Santa Luzia: The Uninhabited Island Drowning in 800 Tons of Plastic
Deep in the Atlantic Ocean lies Santa Luzia, Cape Verde’s only uninhabited island. While it should be a pristine sanctuary, its coastline tells a darker story. At Achados Beach, the tides have carved an “open wound” made of plastic, creating a graveyard for marine life and a monument to global neglect.
A partial natural reserve, Santa Luzia requires official authorization for any visitor. Yet, despite the absence of humans, the island is drowning in the world’s waste. The shoreline is a chaotic mosaic of wooden boards, shipping pallets, and a staggering variety of plastic packaging—some miraculously intact, most shattered into treacherous shards.

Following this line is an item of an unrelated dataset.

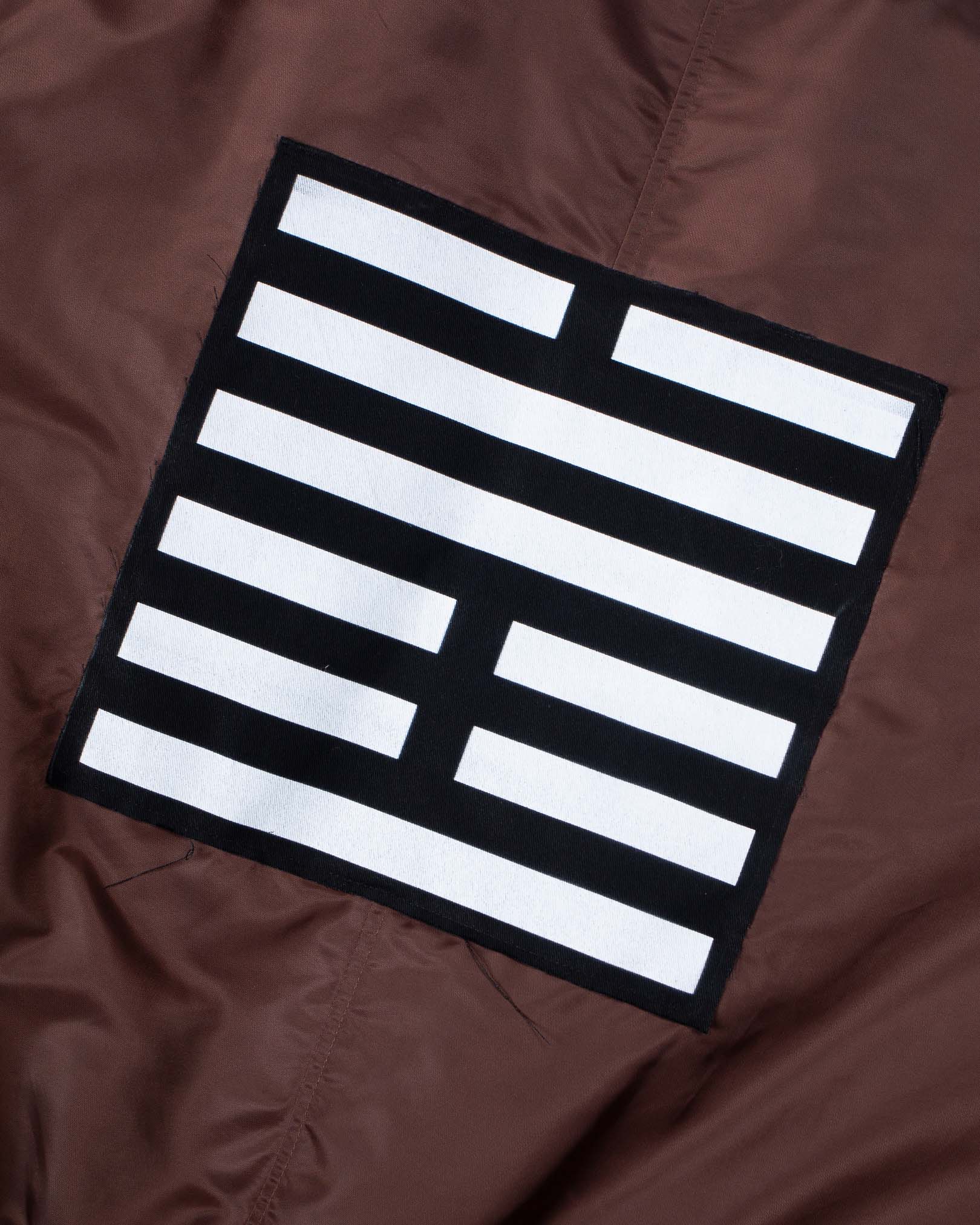 and sleeves. Large printed raw-edge patch on the back. Finished

A Spoon Capturing the World’s Trash
“The beach is named ‘Findings’ because it was historically a place where items washed up,” says Tommy Melo, co-founder of the NGO Biosfera. “But today, almost everything we find is pollution.”
Melo has seen everything from LCD televisions to bottles bearing labels from dozens of different countries. However, the most consistent offenders are industrial fishing supplies: massive green nets stretching dozens of meters and brittle black plastic pots used for catching octopus in Morocco and Mauritania.
The geography of Santa Luzia makes it a perfect trap. Cape Verde sits in the path of the North Atlantic gyre and the Canary Current. Because Santa Luzia is the first landmass to meet these currents, and because Achados Beach curves like a spoon facing the northeast, it catches a disproportionate amount of the Atlantic’s debris. To make matters worse, a coral reef blocks boat access to the beach, making it nearly impossible to haul the trash away.
A Death Trap for Endangered Species
The pollution is more than an eyesore; it is a death sentence for the island’s most iconic inhabitants. Santa Luzia is a critical nesting ground for the endangered Loggerhead sea turtle (Caretta caretta). Between 2,000 and 5,000 nests are dug here annually, with 40% of the island’s adult turtles choosing Achados Beach.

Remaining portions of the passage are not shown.